Page MenuHomePhabricator

db1069: convert user_groups table to InnoDB across all the wikis
Closed, ResolvedPublic


In order to avoid further crashes with the same table, we should alter user_groups table across all the wikis to conver it to InnoDB.

Event Timeline

root@db1069:/srv# find . -name user_groups.frm  | awk -F "." '{print $3}' | awk -F "/" '{print $1}' | uniq -c | sort -k2
      1 s1
     17 s2
    830 s3
      1 s4
      2 s5
      3 s6
     12 s7

@jcrespo I assume we want these tables converted to InnoDB across all the shards, right? And also, replicate that alter downstream.

Yes, ideally everything would be on InnoDB, we probably can only do it on a subset of tables for now. These should be ok in size (they should be small), but check available disk space both on db1069 and labsdb100[13]. Also check replication filtering is not broken in the process (it should not be for a simple engine change). Just be careful about: the replication filtering; the triggers on sanitarium; the existing views on labs.

Do not worry about lag, the conversion should be fast and user queries usually create worse issues. Just do plain alters and let them replicate.

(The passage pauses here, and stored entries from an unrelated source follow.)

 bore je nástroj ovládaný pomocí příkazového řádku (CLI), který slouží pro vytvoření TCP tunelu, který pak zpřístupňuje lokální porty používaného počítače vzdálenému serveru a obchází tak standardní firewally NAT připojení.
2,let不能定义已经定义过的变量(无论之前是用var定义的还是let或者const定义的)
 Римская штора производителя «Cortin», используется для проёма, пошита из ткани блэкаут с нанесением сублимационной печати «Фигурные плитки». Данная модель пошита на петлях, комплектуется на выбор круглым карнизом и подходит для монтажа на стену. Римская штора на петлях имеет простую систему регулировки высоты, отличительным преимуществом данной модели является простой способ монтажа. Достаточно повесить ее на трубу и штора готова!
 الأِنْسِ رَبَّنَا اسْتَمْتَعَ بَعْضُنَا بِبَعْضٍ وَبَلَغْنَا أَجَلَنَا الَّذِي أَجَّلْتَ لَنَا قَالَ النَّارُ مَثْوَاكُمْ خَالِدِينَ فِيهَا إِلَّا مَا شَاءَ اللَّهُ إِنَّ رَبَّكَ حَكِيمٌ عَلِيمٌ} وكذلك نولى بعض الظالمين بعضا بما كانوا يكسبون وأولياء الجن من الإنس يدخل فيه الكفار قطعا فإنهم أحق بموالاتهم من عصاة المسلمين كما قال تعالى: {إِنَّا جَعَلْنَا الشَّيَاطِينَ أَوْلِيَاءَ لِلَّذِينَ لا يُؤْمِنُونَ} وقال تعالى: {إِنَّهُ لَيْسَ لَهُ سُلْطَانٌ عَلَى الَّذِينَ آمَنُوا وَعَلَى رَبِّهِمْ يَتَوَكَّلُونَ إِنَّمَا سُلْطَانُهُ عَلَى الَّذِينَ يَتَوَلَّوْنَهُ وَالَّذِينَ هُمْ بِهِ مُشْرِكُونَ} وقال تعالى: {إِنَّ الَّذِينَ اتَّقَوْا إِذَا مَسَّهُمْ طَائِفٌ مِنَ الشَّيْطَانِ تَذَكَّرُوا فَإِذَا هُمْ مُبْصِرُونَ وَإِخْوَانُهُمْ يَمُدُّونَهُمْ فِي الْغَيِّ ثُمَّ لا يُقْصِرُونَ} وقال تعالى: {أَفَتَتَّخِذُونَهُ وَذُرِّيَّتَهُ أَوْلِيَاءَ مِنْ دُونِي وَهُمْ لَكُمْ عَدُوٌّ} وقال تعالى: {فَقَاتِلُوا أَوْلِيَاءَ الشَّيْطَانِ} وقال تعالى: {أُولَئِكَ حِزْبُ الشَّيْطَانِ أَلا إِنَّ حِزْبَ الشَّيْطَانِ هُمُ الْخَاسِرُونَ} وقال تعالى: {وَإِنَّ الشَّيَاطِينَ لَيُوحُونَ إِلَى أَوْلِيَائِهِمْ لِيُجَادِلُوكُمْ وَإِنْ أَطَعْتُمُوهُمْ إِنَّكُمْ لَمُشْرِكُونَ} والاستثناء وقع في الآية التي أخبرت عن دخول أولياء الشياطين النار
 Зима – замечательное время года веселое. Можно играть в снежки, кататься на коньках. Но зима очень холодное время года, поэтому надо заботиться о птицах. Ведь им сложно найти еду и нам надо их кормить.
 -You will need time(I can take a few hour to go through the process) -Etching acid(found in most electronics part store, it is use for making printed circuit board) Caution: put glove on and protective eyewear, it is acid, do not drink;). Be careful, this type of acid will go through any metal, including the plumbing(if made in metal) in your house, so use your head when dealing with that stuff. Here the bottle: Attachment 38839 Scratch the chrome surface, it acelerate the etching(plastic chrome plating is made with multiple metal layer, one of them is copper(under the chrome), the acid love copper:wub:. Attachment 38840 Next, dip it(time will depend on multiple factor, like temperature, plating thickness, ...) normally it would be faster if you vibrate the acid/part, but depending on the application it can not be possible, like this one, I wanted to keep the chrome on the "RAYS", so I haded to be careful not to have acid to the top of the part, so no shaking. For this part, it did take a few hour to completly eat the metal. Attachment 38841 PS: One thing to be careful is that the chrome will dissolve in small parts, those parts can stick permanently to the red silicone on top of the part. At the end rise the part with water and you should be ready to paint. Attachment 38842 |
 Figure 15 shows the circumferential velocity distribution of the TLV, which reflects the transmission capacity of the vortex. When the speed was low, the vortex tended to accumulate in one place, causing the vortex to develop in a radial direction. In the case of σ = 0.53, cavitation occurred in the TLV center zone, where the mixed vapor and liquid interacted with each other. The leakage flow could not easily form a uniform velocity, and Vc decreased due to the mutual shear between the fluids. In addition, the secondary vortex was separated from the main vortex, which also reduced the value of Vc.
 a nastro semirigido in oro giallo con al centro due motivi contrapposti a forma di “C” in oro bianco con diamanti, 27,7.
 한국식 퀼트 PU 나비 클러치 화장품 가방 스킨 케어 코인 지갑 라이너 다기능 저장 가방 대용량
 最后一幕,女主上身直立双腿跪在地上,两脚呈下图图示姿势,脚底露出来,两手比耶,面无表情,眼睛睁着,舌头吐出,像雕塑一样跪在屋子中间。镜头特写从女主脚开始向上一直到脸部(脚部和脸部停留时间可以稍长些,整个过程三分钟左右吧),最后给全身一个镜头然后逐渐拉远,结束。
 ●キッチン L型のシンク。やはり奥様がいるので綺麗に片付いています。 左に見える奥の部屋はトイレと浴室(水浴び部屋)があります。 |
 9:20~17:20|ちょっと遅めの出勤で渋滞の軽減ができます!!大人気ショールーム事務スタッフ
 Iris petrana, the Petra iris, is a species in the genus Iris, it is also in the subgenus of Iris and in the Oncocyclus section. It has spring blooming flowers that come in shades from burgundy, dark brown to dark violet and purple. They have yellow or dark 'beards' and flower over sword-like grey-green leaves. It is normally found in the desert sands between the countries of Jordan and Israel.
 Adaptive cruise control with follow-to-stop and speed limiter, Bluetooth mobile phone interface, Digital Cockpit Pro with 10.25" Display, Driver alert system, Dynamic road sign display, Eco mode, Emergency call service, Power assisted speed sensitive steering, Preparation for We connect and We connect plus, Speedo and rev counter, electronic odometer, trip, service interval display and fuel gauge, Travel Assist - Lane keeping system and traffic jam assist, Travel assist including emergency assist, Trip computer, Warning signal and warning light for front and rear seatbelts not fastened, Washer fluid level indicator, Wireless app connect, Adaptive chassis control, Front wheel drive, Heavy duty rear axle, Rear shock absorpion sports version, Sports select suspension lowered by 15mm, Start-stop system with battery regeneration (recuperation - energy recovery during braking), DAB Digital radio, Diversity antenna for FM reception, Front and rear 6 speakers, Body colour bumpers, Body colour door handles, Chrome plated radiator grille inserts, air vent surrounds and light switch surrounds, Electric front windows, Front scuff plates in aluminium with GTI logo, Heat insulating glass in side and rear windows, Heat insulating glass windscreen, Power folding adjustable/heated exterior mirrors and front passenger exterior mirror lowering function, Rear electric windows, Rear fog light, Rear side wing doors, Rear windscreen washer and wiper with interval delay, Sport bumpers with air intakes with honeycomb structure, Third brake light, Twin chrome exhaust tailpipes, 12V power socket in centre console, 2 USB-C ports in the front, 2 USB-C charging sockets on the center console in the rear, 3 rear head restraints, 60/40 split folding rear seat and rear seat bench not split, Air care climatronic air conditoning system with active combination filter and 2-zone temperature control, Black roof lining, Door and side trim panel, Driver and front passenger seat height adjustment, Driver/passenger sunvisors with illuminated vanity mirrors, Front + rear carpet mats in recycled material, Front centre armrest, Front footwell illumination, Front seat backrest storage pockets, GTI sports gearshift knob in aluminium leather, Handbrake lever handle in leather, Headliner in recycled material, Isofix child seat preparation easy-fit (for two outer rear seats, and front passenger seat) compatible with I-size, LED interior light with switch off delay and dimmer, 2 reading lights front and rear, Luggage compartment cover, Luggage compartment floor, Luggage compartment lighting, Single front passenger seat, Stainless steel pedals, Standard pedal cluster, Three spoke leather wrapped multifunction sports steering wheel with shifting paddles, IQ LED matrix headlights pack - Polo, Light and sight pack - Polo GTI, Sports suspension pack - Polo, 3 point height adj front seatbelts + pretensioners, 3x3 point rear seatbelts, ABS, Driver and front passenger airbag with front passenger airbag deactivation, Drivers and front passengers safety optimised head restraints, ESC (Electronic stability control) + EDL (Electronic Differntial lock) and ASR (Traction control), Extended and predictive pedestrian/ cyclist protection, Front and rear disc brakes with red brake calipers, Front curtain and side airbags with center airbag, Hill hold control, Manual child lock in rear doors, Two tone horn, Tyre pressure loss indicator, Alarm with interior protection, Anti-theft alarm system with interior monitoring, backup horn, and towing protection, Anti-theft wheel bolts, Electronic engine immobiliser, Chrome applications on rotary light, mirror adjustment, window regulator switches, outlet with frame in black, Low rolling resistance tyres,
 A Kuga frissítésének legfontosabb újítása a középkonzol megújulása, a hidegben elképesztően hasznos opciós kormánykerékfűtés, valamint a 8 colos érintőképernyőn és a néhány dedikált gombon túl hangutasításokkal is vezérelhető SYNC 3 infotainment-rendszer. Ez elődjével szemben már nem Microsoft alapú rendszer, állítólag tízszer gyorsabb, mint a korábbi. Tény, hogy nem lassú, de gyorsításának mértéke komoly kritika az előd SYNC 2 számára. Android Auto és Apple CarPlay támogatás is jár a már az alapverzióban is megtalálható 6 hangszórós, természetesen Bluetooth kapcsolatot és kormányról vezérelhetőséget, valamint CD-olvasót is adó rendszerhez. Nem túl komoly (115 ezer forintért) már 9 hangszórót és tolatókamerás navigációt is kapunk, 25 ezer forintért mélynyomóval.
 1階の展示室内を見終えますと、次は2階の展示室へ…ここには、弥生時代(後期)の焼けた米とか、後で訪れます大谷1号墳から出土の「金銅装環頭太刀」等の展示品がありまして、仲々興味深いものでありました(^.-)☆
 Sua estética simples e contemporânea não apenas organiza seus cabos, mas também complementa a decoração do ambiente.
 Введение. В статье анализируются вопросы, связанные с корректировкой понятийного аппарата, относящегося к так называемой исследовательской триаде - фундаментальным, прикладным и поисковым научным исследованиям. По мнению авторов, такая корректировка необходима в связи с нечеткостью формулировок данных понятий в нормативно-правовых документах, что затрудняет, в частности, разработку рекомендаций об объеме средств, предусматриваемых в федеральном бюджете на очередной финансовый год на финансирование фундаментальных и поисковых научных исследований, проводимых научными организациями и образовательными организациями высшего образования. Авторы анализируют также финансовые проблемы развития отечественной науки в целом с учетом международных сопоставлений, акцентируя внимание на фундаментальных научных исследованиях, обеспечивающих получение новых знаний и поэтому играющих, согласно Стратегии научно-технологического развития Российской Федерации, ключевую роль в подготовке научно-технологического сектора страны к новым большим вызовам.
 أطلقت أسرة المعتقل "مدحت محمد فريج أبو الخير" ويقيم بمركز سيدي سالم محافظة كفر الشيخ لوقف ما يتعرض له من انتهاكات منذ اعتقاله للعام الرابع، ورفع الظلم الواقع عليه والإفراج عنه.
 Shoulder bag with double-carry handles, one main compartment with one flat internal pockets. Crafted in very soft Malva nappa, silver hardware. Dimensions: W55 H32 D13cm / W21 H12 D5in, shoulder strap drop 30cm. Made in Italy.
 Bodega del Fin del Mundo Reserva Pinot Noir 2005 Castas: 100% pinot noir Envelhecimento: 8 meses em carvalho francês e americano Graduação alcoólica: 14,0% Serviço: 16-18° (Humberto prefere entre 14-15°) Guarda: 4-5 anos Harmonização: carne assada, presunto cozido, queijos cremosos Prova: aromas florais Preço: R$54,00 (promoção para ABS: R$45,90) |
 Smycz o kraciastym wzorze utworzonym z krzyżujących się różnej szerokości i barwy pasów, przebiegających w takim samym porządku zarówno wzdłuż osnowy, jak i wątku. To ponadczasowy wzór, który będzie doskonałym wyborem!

So far I have only converted:

S1: enwiki/user_groups

It all looked fine but I do not want to do more tables at the same time at the end of the week, just in case we find something weird and given that we will be on an offsite next week.
The table is 12M so disk space shouldn't be an issue if they are all around that size

I think user_groups on s3 failed today:

*************************** 8. row ***************************
      Id: 3472432
    User: system user
      db: urwiki
 Command: Connect
    Time: 11074
   State: update
    Info: INSERT /* User::addGroup  */ IGNORE INTO `user_groups` (ug_user,ug_group) VALUES ('XXXXX
Progress: 0.000
jcrespo triaged this task as High priority.Sep 28 2016, 5:15 PM

I have just converted S2 user_group tables to InnoDB.

Note: Percona has not replied yet to the bug report after I sent the stacktraces 9 days ago.

Mentioned in SAL (#wikimedia-operations) [2016-10-03T06:30:21Z] <marostegui> altering S3,S4,S5,S6,S7 user_groups tables in sanitarium to avoid tokudb bug - T146121

S3 tables have been converted to InnoDB.

S4 (commonswiki database) table has been converted

S5 (dewiki and wikidatawiki) table converted

S6 (frwiki, jawiki, ruwiki) converted

S7 tables converted

All the user_groups tables across all the shards are now running InnoDB engine instead of tokudb.
Will be difficult to provide further stacktraces to the open Percona/MariaDB bug ( as this is likely to be resolved by converting all to InnoDB.